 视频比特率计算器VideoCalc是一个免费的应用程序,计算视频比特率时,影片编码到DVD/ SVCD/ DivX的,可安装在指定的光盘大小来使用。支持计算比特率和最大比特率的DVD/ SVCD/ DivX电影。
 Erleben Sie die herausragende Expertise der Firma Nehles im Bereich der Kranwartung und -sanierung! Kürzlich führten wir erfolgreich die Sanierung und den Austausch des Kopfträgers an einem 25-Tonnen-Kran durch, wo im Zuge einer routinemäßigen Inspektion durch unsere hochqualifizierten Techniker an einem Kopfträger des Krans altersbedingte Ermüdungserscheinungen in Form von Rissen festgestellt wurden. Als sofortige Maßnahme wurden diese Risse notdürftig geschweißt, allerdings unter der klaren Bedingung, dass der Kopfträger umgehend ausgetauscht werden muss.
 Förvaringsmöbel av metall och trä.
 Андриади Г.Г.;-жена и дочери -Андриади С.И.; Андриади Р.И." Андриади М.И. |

────────────────────

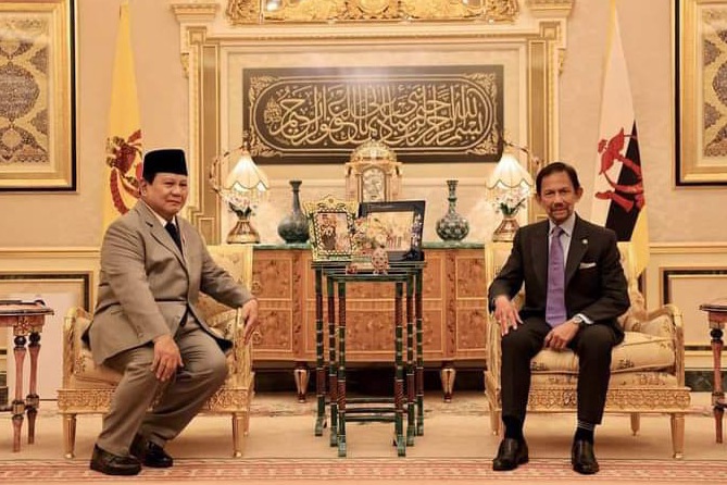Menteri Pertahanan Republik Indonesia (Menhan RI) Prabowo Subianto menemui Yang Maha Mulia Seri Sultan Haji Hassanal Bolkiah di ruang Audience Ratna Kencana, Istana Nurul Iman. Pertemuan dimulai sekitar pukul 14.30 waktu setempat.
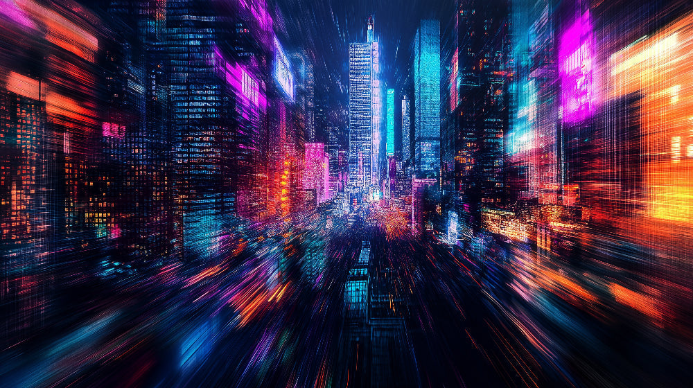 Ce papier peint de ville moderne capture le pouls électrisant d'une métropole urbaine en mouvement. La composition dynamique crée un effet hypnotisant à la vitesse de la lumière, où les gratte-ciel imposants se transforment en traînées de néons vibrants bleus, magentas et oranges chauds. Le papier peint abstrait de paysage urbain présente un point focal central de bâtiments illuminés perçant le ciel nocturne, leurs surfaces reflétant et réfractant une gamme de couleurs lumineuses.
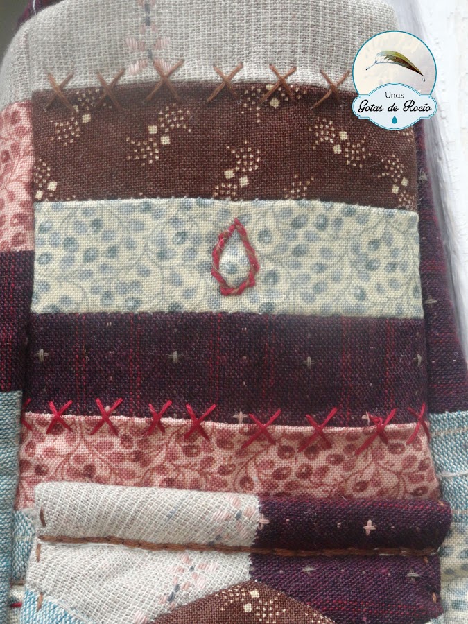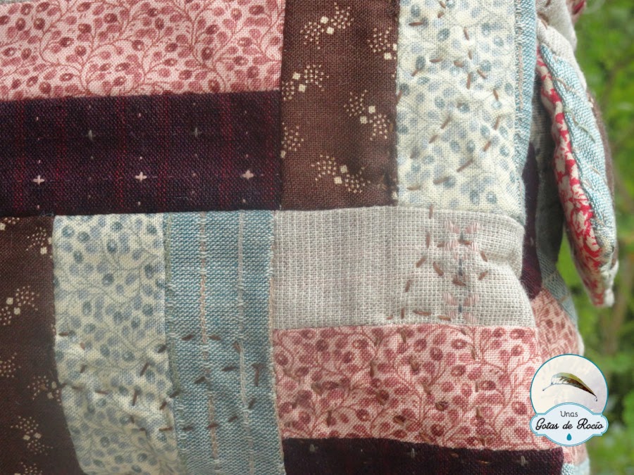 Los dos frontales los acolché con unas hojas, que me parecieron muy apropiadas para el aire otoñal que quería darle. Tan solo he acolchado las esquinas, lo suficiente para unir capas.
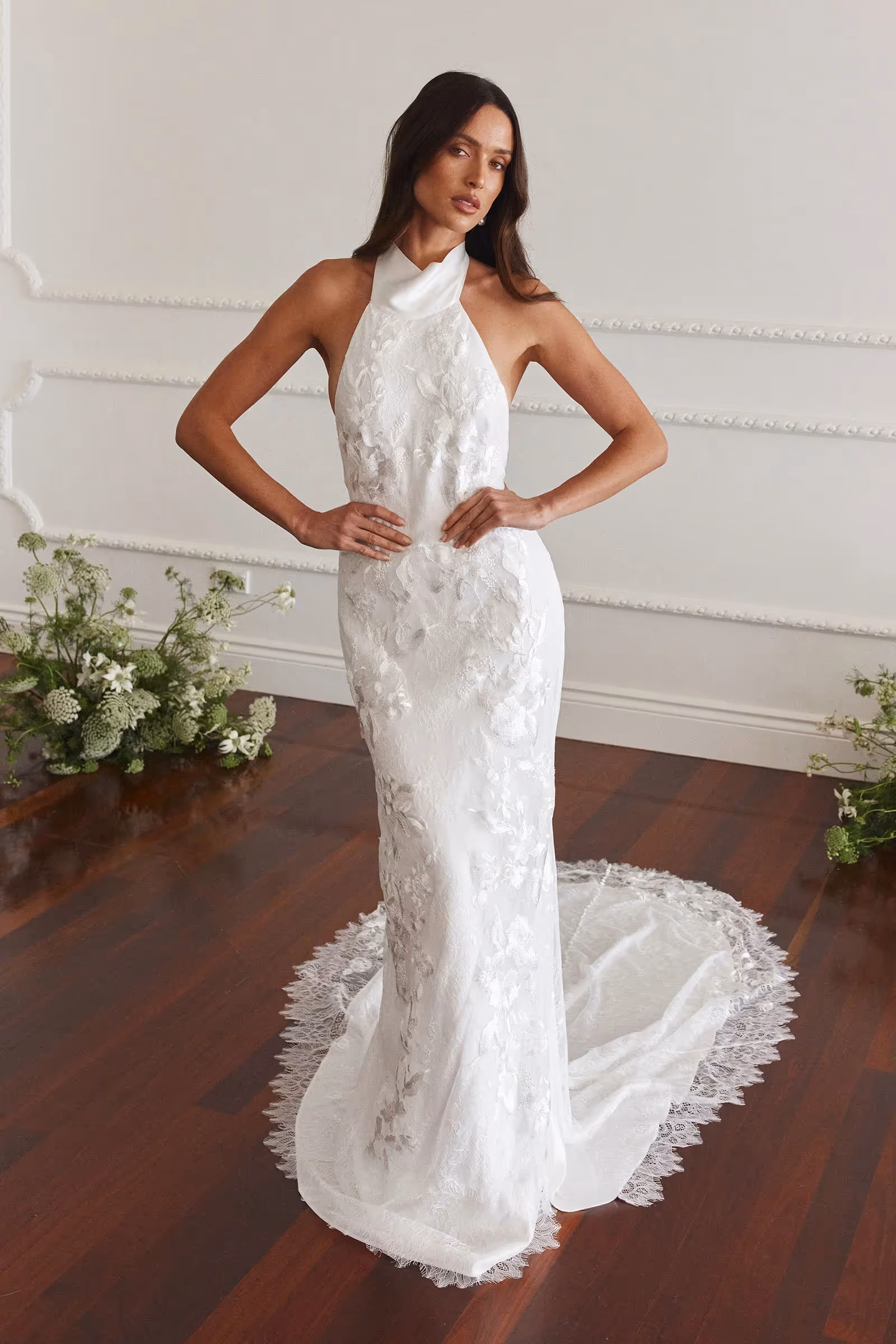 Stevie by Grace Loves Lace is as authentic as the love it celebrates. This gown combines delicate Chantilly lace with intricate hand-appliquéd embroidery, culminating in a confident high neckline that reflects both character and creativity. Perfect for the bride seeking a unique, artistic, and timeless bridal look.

────────────────────

Everything starting at the line containing "Förvaringsmöbel av metall och trä." and ending at the line containing "Андриади Г.Г.;-жена и" in the records above should be repeated exactly, and only that.

 Förvaringsmöbel av metall och trä.
 Андриади Г.Г.;-жена и дочери -Андриади С.И.; Андриади Р.И." Андриади М.И. |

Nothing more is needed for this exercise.